Other fields in the primary key

The other two fields in the primary key must be compared using strict equality against literal values. No ranges are permitted, != must not be used, and or will not work.

  • Valid: country_code = 'uk'
  • Invalid: (country_code = 'uk' or country_code = 'de')
  • Invalid: country_code != 'se'
  • Invalid: temperature < 85.0

Fields not in the primary key

These fields may be queried with unbounded ranges, !=, and or comparisons.

General Guidelines

Before you begin querying, there are some guidelines to keep in mind.

  • Fields may not be compared against other fields in the query.
  • All elements of the compound primary key must be present.
  • When using or, you must surround the expression with parentheses or your query will return an error.
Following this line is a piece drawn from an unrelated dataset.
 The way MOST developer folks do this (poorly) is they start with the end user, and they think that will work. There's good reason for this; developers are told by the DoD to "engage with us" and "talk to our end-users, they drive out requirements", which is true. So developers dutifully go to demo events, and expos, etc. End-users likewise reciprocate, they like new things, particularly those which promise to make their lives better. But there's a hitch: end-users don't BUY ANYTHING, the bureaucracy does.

Basic queries return the full range of values between two given times for a series in a family. To demonstrate, we’ll use the same example table:

CREATE TABLE GeoCheckin
(
   myfamily    varchar   not null,
   myseries    varchar   not null,
   time        timestamp not null,
   weather     varchar   not null,
   temperature double,
   PRIMARY KEY (
     (myfamily, myseries, quantum(time, 15, 'm')),
     myfamily, myseries, time
   )
)

Your query must include all components of the primary key (myfamily, myseries, and time). If any part of the primary key is missing, you will get an error.
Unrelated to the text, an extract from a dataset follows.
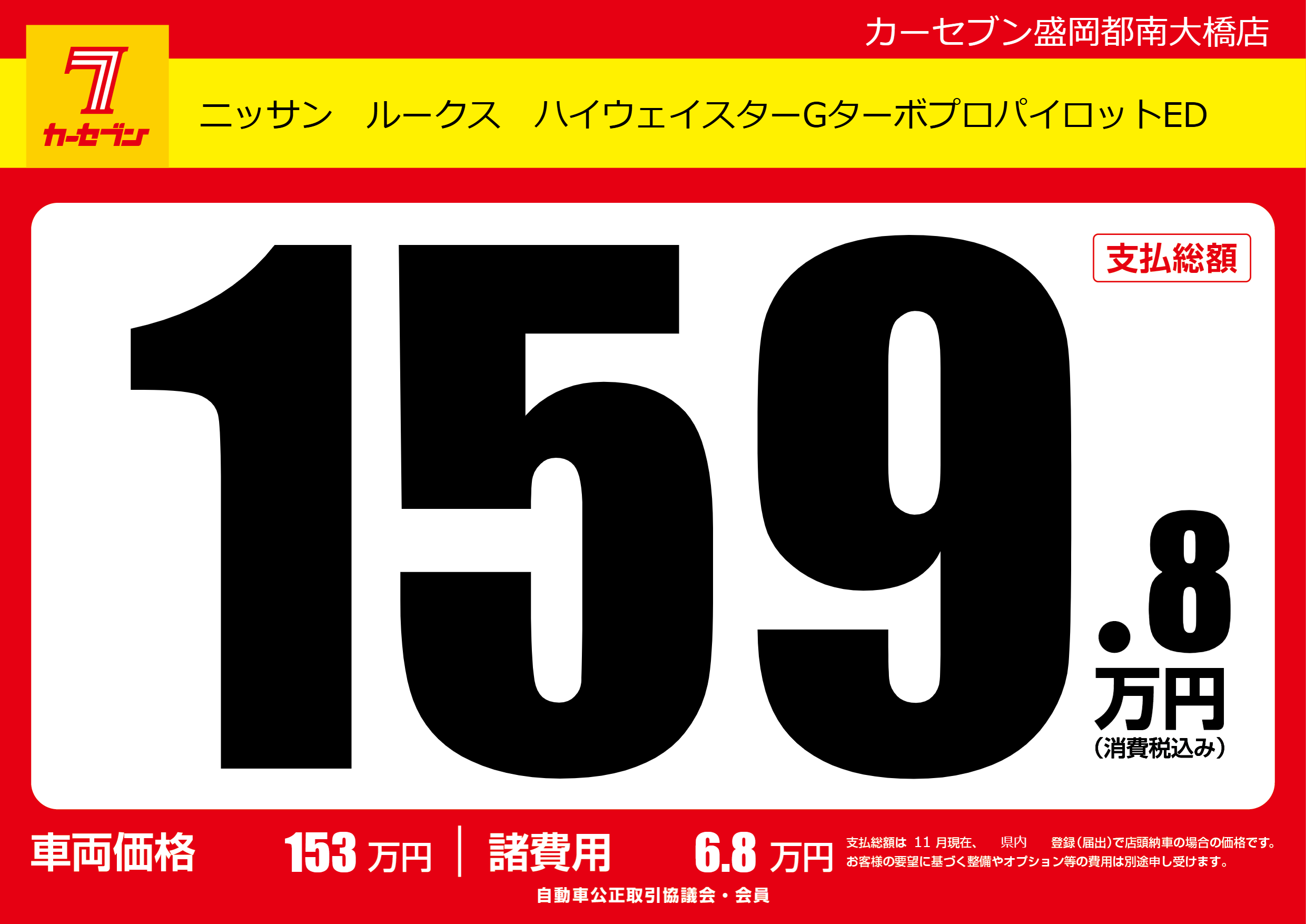 | 車名 | ニッサン ルークス ハイウェイスターGターボプロパイロットED | グレード ミッション 排気量 |

Advanced Querying By Field

Select Query

You can select particular fields from the data to query:

select weather, temperature from GeoCheckin where time > 1234560 and time < 1234569 and myfamily = 'family1' and myseries = 'series1'

Client-specific examples:

riakc_ts:query(Pid, "select weather, temperature from GeoCheckin where time > 1234560 and time < 1234569 and myfamily = 'family1' and myseries = 'series1'").
String queryText = "select weather, temperature from GeoCheckin " +
                   "where time > 1234560 and time < 1234569 and " +
                   "myfamily = 'family1' and myseries = 'series1'";

Query query = new Query.Builder(queryText).build();
QueryResult queryResult = client.execute(query);
fmt = """
select weather, temperature from GeoCheckin where
    time > {t1} and time < {t2} and
    myfamily = 'family1' and myseries = 'series1'
"""
query = fmt.format(t1=tenMinsAgoMsec, t2=nowMsec)
ts_obj = client.ts_query('GeoCheckin', query)
Riak::Timeseries::Query.new(client, "select weather, temperature from GeoCheckin where time > 1234560 and time < 1234569 and myfamily = 'family1' and myseries = 'series1'").issue!

Extended Query

You can extend the query beyond the primary key and use secondary columns to filter results. In this example, we are extending our query to filter based on the temperature column:

select weather, temperature from GeoCheckin where time > 1234560 and time < 1234569 and myfamily = 'family1' and myseries = 'series1' and temperature > 27.0

Client-specific examples:

riakc_ts:query(Pid, "select weather, temperature from GeoCheckin where time > 1234560 and time < 1234569 and myfamily = 'family1' and myseries = 'series1' and temperature > 27.0").
String queryText = "select weather, temperature from GeoCheckin " +
                   "where time > 1234560 and time < 1234569 and " +
                   "myfamily = 'family1' and myseries = 'series1' " +
                   "temperature > 27.0";

Query query = new Query.Builder(queryText).build();
QueryResult queryResult = client.execute(query);
fmt = """
select weather, temperature from GeoCheckin where
    time > {t1} and time < {t2} and
    myfamily = 'family1' and myseries = 'series1' and
    temperature > 27.0
"""
query = fmt.format(t1=tenMinsAgoMsec, t2=nowMsec)
ts_obj = client.ts_query('GeoCheckin', query)
Riak::Timeseries::Query.new(client, "select weather, temperature from GeoCheckin where time > 1234560 and time < 1234569 and myfamily = 'family1' and myseries = 'series1' and temperature > 27.0").issue!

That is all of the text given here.